• _Goal of the exercise_
Nothing is needed except the lines below that run from the one with "Зеленая спаржа с" through the one with "很多品牌通过羽绒服系列化、代", repeated exactly.

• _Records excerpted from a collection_
::::::::

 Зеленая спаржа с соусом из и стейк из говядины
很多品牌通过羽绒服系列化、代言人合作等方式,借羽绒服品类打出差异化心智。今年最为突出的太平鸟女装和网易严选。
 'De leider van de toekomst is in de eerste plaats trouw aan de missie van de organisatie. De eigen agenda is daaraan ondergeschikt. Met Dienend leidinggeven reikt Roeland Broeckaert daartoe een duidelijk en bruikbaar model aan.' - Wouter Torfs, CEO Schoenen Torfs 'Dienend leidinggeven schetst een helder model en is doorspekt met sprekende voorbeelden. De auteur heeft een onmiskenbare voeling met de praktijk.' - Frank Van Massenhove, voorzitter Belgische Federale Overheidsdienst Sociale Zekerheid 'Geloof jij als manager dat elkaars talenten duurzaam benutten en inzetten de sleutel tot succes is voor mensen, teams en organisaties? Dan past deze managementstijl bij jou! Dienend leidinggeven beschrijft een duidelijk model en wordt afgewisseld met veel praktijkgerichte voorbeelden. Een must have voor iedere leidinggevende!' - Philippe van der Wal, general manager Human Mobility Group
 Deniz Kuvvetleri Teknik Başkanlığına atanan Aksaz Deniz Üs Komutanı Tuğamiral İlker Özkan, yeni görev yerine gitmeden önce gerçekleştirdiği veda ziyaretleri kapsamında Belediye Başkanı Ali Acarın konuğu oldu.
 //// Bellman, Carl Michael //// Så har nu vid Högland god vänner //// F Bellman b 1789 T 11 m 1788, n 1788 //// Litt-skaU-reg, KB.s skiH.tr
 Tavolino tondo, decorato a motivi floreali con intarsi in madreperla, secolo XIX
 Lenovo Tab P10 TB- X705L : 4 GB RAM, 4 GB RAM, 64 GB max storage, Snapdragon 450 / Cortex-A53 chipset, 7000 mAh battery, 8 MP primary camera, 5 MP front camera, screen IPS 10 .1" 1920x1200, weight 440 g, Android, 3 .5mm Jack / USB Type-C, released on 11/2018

::::::::

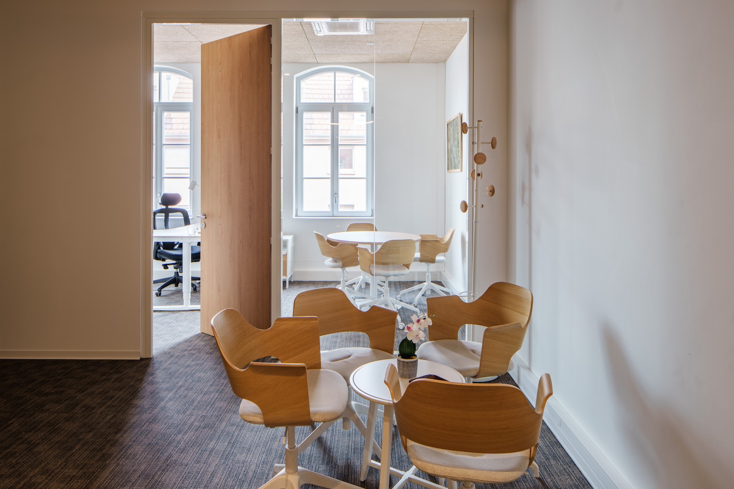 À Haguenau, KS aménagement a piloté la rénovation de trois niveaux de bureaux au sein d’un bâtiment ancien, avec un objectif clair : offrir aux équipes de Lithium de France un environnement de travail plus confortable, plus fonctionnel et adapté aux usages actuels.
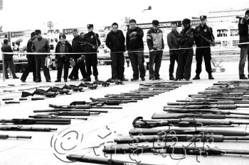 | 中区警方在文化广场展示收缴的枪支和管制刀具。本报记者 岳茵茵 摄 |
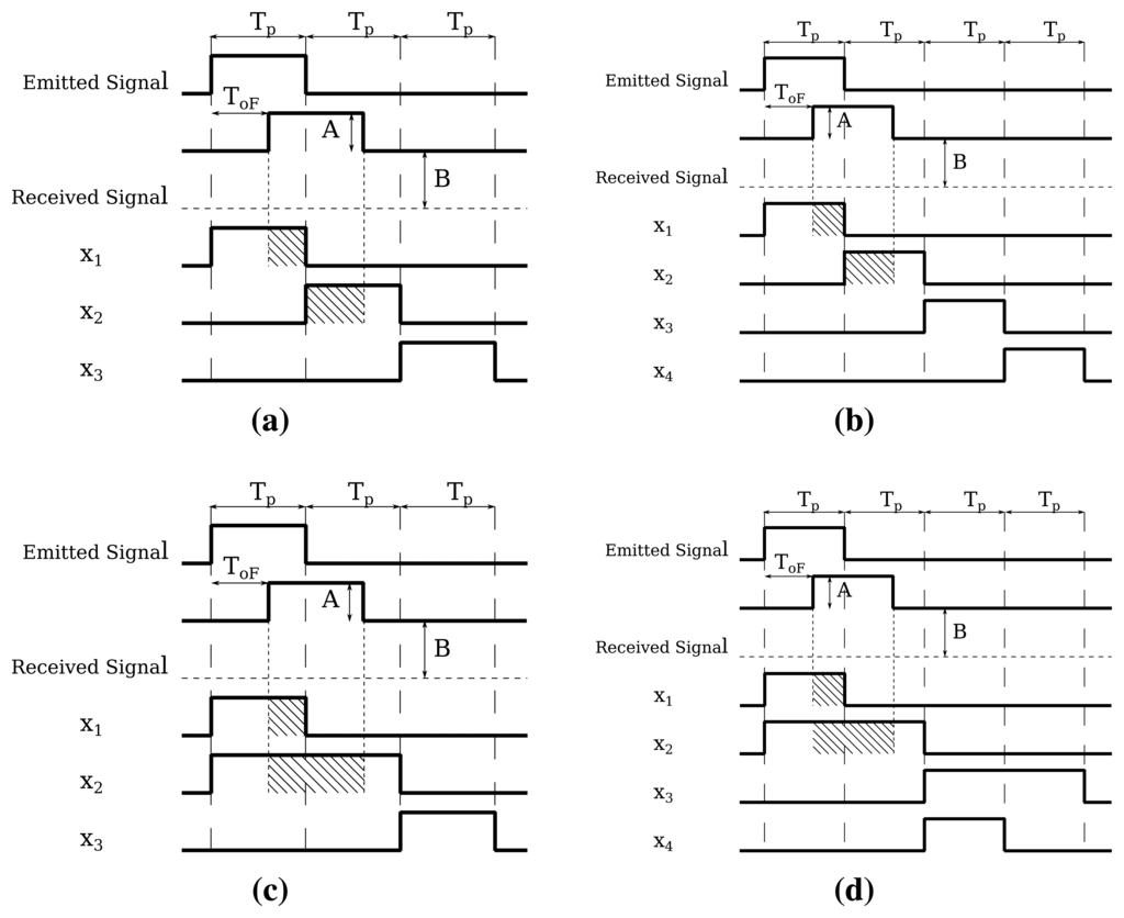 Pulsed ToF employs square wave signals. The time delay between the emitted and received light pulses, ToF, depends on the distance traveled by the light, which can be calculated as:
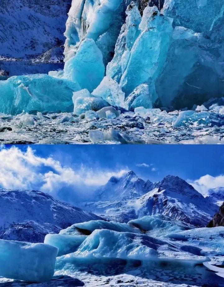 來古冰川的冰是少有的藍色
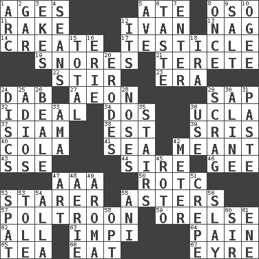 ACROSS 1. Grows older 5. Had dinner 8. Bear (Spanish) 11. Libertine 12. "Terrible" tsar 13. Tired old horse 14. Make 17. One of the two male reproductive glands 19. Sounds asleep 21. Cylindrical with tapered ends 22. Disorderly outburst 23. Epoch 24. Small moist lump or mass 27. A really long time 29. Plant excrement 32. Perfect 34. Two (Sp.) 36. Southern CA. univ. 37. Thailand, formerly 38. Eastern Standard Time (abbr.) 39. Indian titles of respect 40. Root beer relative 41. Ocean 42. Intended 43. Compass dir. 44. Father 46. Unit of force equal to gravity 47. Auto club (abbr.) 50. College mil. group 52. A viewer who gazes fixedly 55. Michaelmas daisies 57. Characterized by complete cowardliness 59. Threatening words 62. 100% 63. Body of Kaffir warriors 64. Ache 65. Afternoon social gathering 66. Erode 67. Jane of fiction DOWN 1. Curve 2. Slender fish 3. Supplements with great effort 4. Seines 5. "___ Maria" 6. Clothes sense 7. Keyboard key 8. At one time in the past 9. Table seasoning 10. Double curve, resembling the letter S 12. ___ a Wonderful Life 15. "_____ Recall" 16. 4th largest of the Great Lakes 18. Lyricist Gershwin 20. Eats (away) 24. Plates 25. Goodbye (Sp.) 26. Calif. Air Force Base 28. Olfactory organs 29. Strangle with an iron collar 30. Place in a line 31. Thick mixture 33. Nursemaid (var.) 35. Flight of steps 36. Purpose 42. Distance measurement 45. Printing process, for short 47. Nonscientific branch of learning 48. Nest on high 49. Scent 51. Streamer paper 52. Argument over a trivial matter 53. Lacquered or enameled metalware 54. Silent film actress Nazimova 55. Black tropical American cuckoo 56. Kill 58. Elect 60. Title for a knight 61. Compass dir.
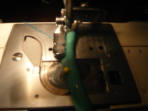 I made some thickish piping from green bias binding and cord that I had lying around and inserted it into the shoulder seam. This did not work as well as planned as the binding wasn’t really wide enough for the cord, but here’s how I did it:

::::::::

• _Answer area_
 Зеленая спаржа с соусом из и стейк из говядины
很多品牌通过羽绒服系列化、代言人合作等方式,借羽绒服品类打出差异化心智。今年最为突出的太平鸟女装和网易严选。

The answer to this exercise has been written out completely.